> _TASK REQUIREMENTS_
Give the number of lines below with "from" in them, leaving out anything else.

> _EXERCISE DATA_
/---

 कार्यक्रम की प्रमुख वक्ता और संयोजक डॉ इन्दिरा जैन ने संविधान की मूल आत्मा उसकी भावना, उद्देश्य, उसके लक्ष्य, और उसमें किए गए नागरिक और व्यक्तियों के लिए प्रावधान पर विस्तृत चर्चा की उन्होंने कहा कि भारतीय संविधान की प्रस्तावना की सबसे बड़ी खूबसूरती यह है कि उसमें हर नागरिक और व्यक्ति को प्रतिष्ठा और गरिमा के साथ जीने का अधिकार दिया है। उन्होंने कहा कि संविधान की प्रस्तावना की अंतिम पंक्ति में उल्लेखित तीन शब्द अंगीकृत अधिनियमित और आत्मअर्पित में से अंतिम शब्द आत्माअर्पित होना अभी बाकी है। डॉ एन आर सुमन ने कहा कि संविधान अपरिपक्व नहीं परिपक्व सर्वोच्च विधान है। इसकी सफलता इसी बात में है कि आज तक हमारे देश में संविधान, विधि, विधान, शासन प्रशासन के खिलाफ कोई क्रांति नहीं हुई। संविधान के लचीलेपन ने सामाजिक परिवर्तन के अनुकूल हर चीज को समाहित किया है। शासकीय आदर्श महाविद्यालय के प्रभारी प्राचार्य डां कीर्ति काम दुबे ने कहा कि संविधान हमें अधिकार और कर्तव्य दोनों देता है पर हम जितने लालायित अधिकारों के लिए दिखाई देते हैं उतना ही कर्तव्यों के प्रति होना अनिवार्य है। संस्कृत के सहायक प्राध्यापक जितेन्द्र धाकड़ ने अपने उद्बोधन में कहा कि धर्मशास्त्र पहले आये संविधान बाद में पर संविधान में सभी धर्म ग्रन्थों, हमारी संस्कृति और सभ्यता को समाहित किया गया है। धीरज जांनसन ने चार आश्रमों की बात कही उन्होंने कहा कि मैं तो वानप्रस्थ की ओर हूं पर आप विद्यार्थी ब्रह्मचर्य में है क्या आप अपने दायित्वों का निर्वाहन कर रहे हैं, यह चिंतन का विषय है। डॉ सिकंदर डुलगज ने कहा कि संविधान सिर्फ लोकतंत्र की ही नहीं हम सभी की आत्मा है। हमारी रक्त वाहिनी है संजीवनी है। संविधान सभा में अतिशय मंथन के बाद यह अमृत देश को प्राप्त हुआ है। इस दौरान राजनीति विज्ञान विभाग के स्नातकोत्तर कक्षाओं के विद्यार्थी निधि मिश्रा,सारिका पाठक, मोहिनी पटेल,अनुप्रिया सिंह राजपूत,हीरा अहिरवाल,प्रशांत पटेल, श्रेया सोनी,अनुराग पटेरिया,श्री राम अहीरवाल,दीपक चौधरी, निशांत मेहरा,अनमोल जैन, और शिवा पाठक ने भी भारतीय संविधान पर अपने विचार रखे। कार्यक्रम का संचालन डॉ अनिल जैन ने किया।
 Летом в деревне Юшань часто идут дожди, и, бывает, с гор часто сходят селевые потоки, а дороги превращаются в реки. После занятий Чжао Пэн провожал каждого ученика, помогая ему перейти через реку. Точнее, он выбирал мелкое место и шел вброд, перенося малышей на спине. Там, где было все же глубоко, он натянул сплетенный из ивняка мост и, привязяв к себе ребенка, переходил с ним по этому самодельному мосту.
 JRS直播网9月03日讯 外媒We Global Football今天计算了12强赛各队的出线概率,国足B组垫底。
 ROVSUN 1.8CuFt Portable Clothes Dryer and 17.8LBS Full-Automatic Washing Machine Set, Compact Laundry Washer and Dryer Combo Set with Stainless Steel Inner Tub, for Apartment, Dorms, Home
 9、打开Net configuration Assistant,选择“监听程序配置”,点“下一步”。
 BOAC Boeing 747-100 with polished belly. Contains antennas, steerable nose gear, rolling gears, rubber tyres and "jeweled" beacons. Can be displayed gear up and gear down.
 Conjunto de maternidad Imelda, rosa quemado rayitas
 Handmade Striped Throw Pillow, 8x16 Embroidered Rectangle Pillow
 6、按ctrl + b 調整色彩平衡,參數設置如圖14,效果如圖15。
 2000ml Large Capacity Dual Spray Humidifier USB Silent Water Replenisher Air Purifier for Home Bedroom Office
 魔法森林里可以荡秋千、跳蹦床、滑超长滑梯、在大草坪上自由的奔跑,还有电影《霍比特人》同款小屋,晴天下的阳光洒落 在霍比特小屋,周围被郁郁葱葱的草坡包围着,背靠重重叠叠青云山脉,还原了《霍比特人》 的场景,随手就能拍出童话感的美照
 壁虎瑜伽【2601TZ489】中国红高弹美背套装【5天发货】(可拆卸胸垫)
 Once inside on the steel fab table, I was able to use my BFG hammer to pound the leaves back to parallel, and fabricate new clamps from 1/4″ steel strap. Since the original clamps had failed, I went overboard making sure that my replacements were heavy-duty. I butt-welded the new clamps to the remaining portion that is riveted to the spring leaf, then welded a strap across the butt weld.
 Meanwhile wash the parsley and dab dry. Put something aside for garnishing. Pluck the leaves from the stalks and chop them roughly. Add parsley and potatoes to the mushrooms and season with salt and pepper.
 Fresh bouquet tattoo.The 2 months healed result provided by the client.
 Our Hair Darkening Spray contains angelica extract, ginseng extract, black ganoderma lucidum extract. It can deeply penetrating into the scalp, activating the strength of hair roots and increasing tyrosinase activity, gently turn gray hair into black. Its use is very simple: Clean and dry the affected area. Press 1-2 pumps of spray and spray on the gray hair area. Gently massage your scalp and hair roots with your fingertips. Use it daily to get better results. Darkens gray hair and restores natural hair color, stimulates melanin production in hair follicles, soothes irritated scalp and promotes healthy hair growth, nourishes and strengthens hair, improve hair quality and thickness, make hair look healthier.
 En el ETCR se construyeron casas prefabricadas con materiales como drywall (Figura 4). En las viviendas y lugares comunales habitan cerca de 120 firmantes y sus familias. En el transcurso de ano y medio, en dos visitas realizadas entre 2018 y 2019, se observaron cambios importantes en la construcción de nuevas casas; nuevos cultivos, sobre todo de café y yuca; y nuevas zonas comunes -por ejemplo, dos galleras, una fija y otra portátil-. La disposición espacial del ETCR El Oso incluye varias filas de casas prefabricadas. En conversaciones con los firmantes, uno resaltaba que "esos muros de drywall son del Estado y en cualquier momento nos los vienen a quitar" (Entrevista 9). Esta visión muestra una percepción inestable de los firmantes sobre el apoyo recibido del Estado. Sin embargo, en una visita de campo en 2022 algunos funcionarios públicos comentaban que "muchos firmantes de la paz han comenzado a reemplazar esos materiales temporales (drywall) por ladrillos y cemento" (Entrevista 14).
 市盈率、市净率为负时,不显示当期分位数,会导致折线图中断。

\---

> _RESULT OF THIS EXERCISE_
2